My life is a carousel ride, a never-ending ‘round and ‘round, busier and busier, sometimes steadier than others and as dizzying as it is at times, I can’t seem to get off the carousel, nor most of the time of the time do I truly want to. I may change horses, get a different vantage point, but generally I’m going ‘round and ‘round at a pace that can be daunting at times to others.
While some of what I do appears altruistic, it really is more selfish than anything else. Even when I’m doing something for others, I’m doing it for me. I’m getting pleasure out of it. The by-product is that I get to help someone else, support something or someone in an organization or effort, but in the end, I reap far more. That’s what it’s about; fulfilling my own life in ways tangible and sometimes intangible.
I bite off more than I can chew, although I’m getting better about understanding my own limitations. As I remarked earlier tonight to a friend; there’s many a time I sign up to do something good for an organization that I wake up at what feels like an ungodly hour (although it might feel a bit late for someone else) and wonder what ever possessed me to say I’d do such a thing. What’s wrong with me? But in the end, I’m glad I did.
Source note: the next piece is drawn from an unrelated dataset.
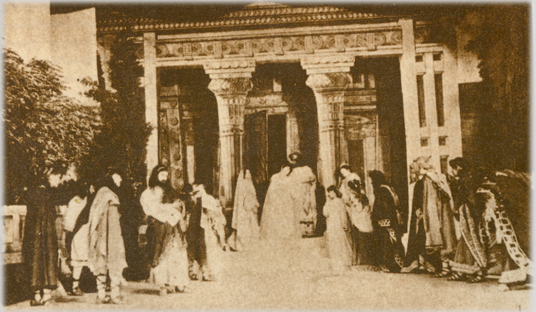
Εικόνα 3: «Νέα Σκηνή», 1901, μετάφραση και σκηνοθεσία Κων/νου Χρηστομάνου

I’ve lived a fairly solitary life for quite a long time. Given the amount of activity that I’m involved in and the people I do many things with (let alone my family), that may seem like a bit of a foolish statement. But I mean on a personal level – I’m on my own. I have four children, my mom and countless friends – but I don’t have anyone that I’m sharing my life with as a couple. While this sometimes is a bit of a concern for me because I miss having someone special in my life, I also wonder what it would be like to lose the freedom I have. My kids are grown. There’s no one to answer to, no one to confer with when I change my mind and make a split decision to do something totally different than what I had planned to do. After a life with many restrictions, as every parent and partner often has, there’s a bit of delicious freedom that I embrace wholeheartedly. I’m not sure I could give that up or would even want to.
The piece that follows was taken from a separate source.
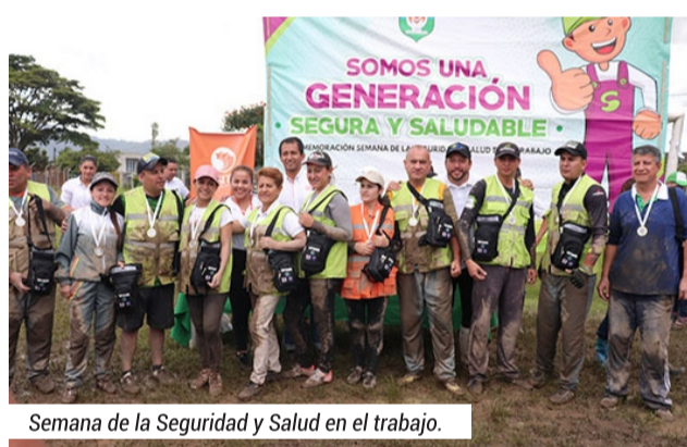
Semana de la Seguridad y Salud en el trabajo.

✓ Se disminuyó el número de población pobre NO asegurada al sistema general de salud. En el año 2016 recibimos 1005 ciudadanos en esta estadística y en 2019 entregamos solo 17 personas NO cubiertas.
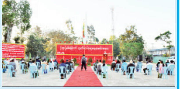
ပြင်ဦးလွင်မြို့၌ ကျင်းပစဉ်။

This is a time in my life that many people warned me about. My children are now older as am I. I heard whisperings of empty nest soon to come and there were those that felt I became a Big Sister because my children were getting older and I felt twinges of loneliness. While I do miss my kids tremendously as they move further on in their own life paths, I do not feel as if my life has diminished in any way. I have even more time to do many of the things that I put on hold or hoped to do ‘someday’ and much of it I get to do with my kids as well still. As my responsibilities have lessened in some areas, I’ve quickly filled those openings with other things that mean something to me.
While the carousel spins ‘round and ‘round, sometimes at a breakneck speed, there are times when I am purely exhausted. Most of the time, however, I am exhilarated that I get to have all of these experiences; that my life is so full with so many good things. I am a lucky woman that is grateful for the ride.